The Enemy shot him a black-on-black side-eye, unimpressed. I would conduct myself more quietly, Pinkerton-creature, were I you, it told him. For she comes, even now.

And oh, Jesus Christ Almighty, if she didn’t, at that.

Rising up over Hex City’s western walls, eddying high on that dragonfly cloak of hers, which seemed — denser than usual, a living veil, those faceted wings shielding what little could be glimpsed of a jade-scaled forehead, sunken eyes and tattooed cheeks, lips peeled back over vulpine teeth, the thorn-rope at her throat lying slack between those leathery horrors that had once been her vessel’s fine, firm breasts. Beneath two sub-swarms of dragonflies that drooped like sleeves, her hands, fingers and wrists alike could be seen, if you squinted, to gleam with bone, much like the exposed tips of her doubly bare toes. Only her black flower of hair seemed intact, stiff and queenly, fresh braids high-piled ’round a knot of sharp stone knives.

On her right and left, meanwhile, came two more figures, hanging from the air like Juno enchained. The Rev was one, of course, recognizable even at this range — though now Morrow came to consider on it a moment, he did look different, somehow: stretched thin for such a massive brute, as though he’d been hollowed and restuffed, a mere shell of his former self. And the other —

My God, I do believe that is the wreck of Hank Fennig’s last wife, just like her two “sisters” already said. Sorry for doubting you, ladies.

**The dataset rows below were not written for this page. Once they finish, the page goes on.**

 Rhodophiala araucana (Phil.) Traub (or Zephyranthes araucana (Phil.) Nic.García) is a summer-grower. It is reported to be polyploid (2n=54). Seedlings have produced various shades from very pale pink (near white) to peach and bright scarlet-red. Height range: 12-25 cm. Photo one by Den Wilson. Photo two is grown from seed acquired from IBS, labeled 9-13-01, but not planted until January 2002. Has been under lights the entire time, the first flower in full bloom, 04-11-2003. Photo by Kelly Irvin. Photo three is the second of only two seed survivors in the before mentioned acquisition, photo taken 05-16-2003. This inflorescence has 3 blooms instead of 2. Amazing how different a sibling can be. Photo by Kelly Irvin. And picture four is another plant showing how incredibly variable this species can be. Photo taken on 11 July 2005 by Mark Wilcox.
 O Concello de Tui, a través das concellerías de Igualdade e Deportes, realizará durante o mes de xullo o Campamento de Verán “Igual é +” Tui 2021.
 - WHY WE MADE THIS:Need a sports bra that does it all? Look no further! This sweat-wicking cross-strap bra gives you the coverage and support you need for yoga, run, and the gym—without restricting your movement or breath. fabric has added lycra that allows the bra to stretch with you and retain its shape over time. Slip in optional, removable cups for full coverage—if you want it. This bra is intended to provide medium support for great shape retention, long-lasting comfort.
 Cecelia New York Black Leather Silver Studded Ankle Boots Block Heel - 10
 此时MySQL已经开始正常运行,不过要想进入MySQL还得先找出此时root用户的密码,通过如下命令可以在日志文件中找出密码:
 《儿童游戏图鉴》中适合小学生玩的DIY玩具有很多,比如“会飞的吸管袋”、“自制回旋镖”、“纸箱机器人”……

What sketchy breath he was able to draw at the sight of her seemed to burn like lye, or strangling mountaintop air. Like a mouthful of the same lime they’d thrown into the blood-pit, ’fore tossing the sandy earth it’d taken to carve it out back in and piling a bunch of rocks on top of that so she’d rest still, if not easy. The former Clodagh Killeen, shining skull-face set with corpse-lamp eyes and every other joint of

her body lit up too, a star map of hellish constellations . . . just riding the sky as though it were sea while the sound of a million swelling rattlesnake bells tumbled to earth beneath her, pocking the dust like hail.

Jesus, Morrow thought again, while also sending up a brief prayer to anybody else who might be currently out there, listening. And I thought the bitch who made her over this way was bad.

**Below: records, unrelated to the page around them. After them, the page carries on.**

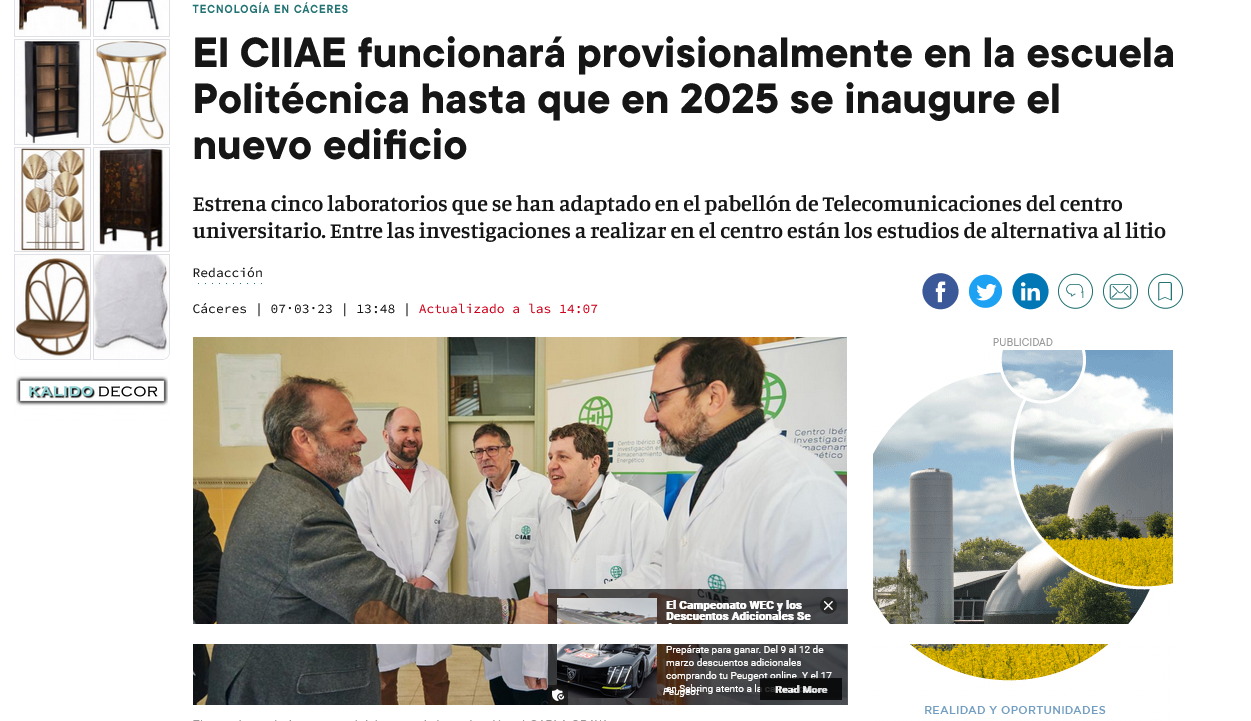 La Junta de Extremadura estrecha la colaboración con Portugal en su apuesta por la investigación en almacenamiento energético del CIIAE
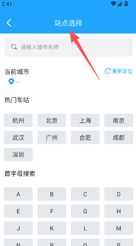 2、在站点选择页面,通过热门车站推荐、首字母搜索或定位功能,快速找到并选定目标站点。
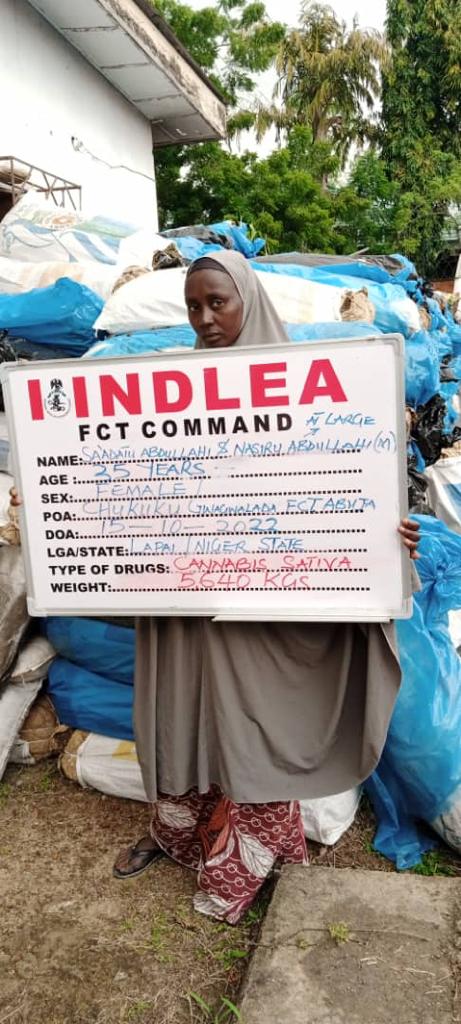 In the FCT, operatives on Saturday 15th October stormed a village known as Chukuku, which is about 10 kilometers from Gwagwalada where they raided a large cannabis warehouse. A total of 510 jumbo bags of the illicit substance weighing 5, 640kgs were recovered from the store and a nursing mother in charge, Saadatu Abdullahi, 35, was arrested.

Inclining her head, Ixchel stared down, and seemed to smile. Brother. You are arrogant, as ever. I had expected you sooner.

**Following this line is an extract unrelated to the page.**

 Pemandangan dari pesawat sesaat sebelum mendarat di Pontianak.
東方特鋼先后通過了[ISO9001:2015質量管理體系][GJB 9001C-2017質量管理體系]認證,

A shrug. I needed time, to put things in place — and see what you have put in place, likewise.

“Things.” Like this . . . pretender you ally with, perhaps?

Pinkerton’s face darkened. “I’ll thank ye tae address me directly, ye high-nosed heathen hoor!” he called up, making fists yet harder, so’s his knuckles spat sparks.

Be silent, was all Ixchel told him, without even deigning to look his way. You are amongst your betters now, mud-toy. It does not behoove you to try and speak to me directly, any more so than it would a beetle to hold congress with jaguars.

“Hah! The day such as ‘Reverend’ Asher Rook stands my equal, let alone my better, will be a cold one in Hell indeed.”

But Hell is cold, Pinkerton-thing. As you would know, had you ever truly been there. She turned her eyes to him at last, so dark they almost seemed to cast their own negative light. Still, if — not trusting my testimony — you wish to confirm it for yourself, I believe I might be persuaded to assist you.

“I’d heard you rumoured beautiful, not so long ago,” Pinkerton replied, grinning. “Right now, though, Lady, I must admit — I’m disinclined tae believe it.”

I am not . . . at my best, no. But that will change.